• **What you are asked to do**
Word for word, set down every line of the entries below from the line with "Además de la" to the line with "N'essayez pas le", including both, and no other line.

[Records from a dataset]
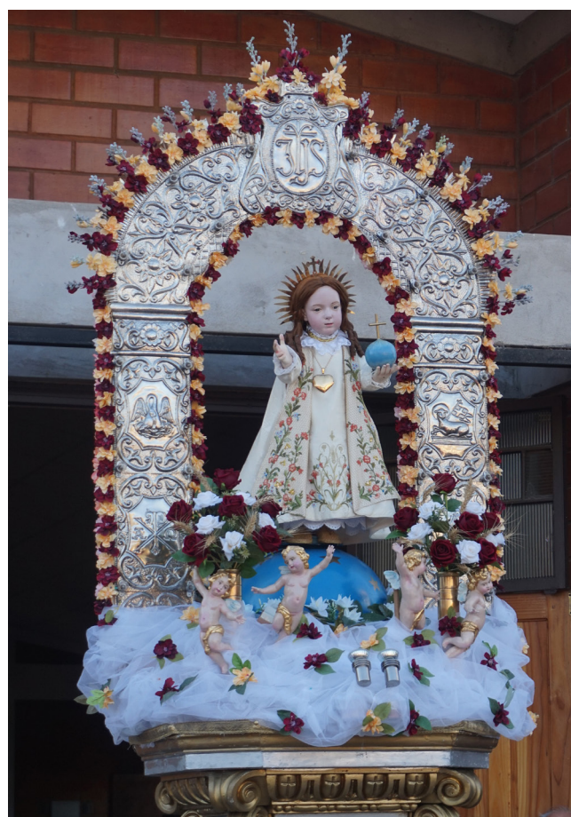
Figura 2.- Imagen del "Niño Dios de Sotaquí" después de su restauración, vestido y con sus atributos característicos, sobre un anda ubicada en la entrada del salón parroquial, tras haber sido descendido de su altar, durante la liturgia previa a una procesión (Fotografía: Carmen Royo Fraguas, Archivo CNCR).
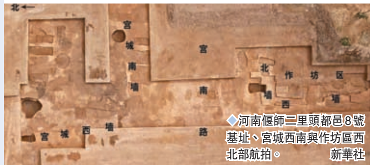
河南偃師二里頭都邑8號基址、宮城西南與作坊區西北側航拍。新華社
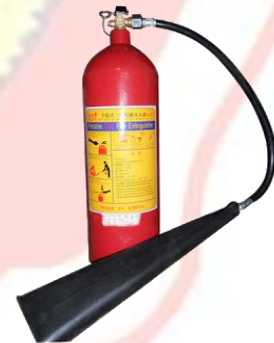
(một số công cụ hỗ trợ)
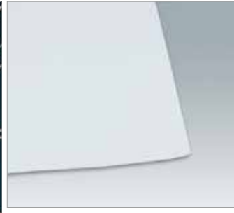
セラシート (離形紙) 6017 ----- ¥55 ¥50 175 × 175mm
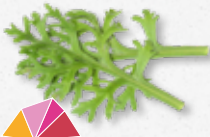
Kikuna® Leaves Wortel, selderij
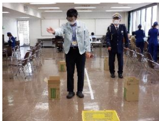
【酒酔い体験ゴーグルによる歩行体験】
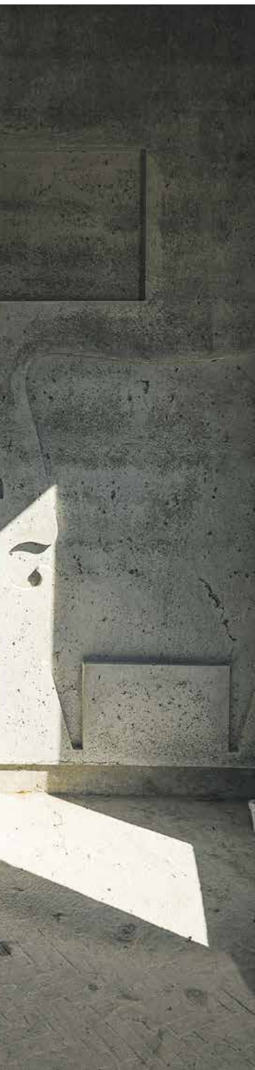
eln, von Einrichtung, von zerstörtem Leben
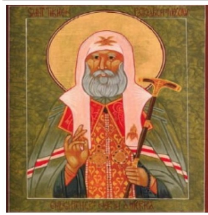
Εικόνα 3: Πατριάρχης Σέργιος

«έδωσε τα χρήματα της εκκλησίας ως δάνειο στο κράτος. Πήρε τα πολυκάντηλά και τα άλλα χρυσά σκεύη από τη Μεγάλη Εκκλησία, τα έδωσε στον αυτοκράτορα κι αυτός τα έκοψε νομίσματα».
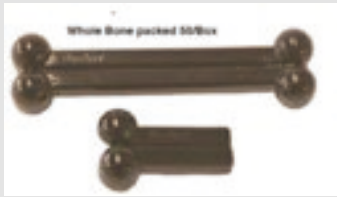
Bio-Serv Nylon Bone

* * *

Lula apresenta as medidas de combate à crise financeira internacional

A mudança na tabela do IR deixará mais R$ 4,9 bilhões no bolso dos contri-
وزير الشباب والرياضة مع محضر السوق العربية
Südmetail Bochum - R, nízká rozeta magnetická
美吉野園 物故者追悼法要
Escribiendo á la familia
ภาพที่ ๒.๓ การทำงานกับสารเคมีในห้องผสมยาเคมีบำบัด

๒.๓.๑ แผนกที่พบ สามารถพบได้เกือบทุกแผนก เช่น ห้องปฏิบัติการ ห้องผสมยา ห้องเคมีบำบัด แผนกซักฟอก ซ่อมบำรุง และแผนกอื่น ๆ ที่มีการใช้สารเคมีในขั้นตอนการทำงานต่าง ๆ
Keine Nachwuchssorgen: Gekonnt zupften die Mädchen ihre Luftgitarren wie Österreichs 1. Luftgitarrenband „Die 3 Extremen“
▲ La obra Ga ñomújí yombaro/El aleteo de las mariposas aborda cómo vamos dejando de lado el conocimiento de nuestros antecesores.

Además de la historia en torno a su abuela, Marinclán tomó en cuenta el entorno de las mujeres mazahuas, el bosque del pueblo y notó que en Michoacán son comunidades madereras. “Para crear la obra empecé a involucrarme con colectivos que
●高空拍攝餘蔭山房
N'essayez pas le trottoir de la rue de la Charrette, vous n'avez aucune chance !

• **Solution to this exercise**
Además de la historia en torno a su abuela, Marinclán tomó en cuenta el entorno de las mujeres mazahuas, el bosque del pueblo y notó que en Michoacán son comunidades madereras. “Para crear la obra empecé a involucrarme con colectivos que
●高空拍攝餘蔭山房
N'essayez pas le trottoir de la rue de la Charrette, vous n'avez aucune chance !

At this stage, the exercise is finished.